I have been away for a bit longer then favorable. Summer can do that to a person. IF you can call the weather in NYC summer, I think we had a few days of it….somewhere….lost amongst the rain, lightening storms, fog, and chilly winds most likely. Not letting this get in the way, however, I am still very much in a sunny mood. Promise. So lets get down and dirty and shall I say ‘foolish‘ with this lovely summer treat.
This recipe is from Laura at thefirstmess. I love every single one of her recipes and her photography is all sorts of crazy awesome. I might even go as far as to say I have a bit of food-blog-crush going on. Yes food-obbsessed people should know what I am talking about…when good recipes and pictures combine I hear angels sing….
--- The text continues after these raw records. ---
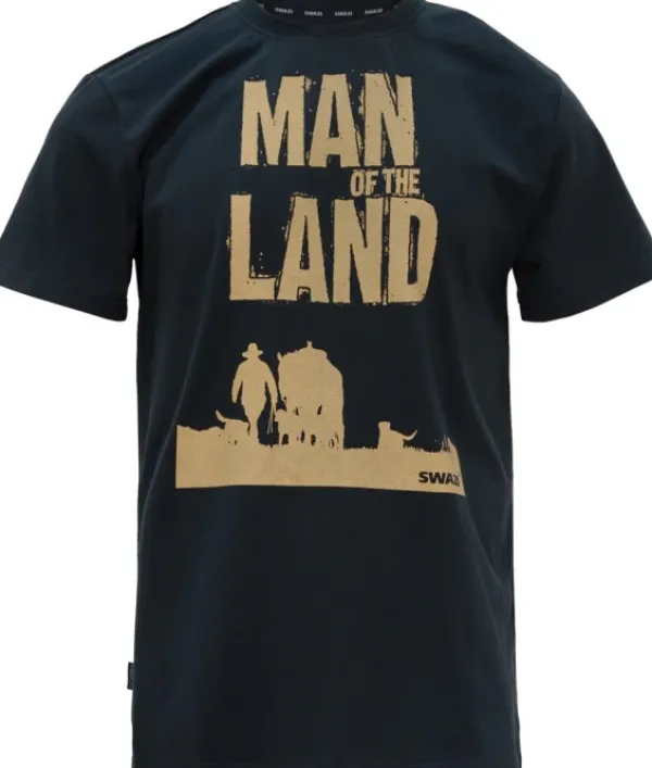 Vanha klassikko on palannut. Ikoninen Swazi Man of the Land -t-paita 90-luvulta on jälleen saatavilla Swazin valikoimassa. Nyt uudistettuna puuvillan ja polyesterin kudotulla sekoituksella, joka tarjoaa ensiluokkaista mukavuutta.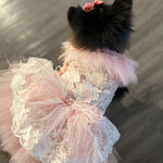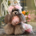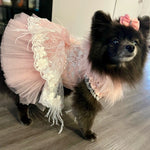 Designed for Posh Dog Life, our handmade Sophia Dog Party Dress is exquisitely crafted with the finest details, including frills such as feathers, embroidered floral lace, faux-pearl applique flowers and a tulle skirt. This luxurious pink dog dress is for weddings, anniversaries, photoshoots and special occasions.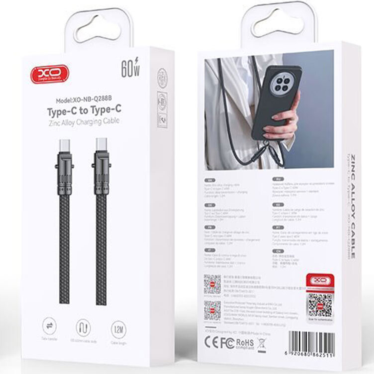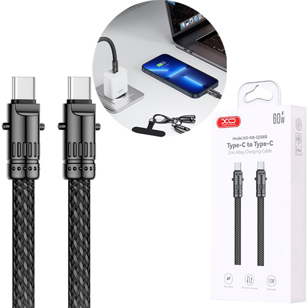XO Cable Zinc Alloy Type-C to Type-C 60W NB-Q288B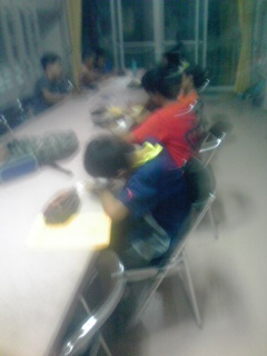 キャンプファイアも無事に終わり、部屋で手紙を書いています。一日目はたくさん思い出ができたようです。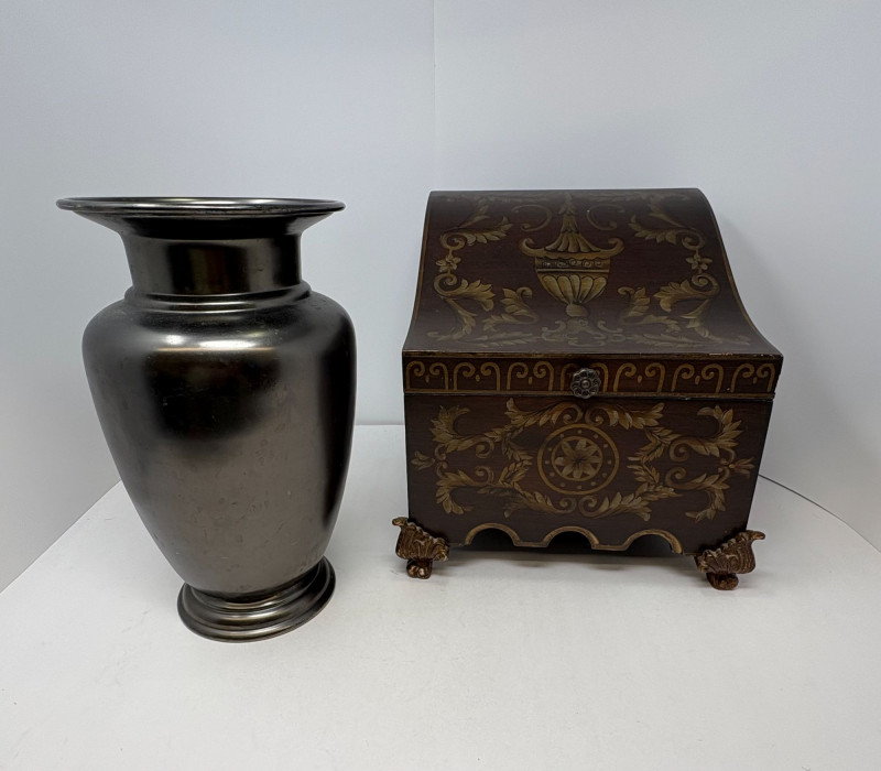 Lot # 177 - Restoration Hardware Urn & Ornate Storage Box – 2‑Piece Decorative Set

…..But Back to the Fool. This is basicly a very tart rhubarb compote. Can you believe this was my first time ever trying rhubarb? It will not be the last. I layered mine with yogurt and paired it with banana coconut bread in the morning. It would be great on ice cream and probably a million other tasty combinations.
Click here for the original link.
Combine the chopped rhubarb (only the pink pieces), orange juice, cardamon, and ginger in a sauce pan and cook over medium heat for around fifteen minutes until the rhubarb has broken down and the fool will resembles a compote. Use more/less honey or other liquid sweetener depending on your own level for sweetness. The link above goes into detail on why this dish is called a fool.
Go let yourself loose in these summer days. Be Foolish.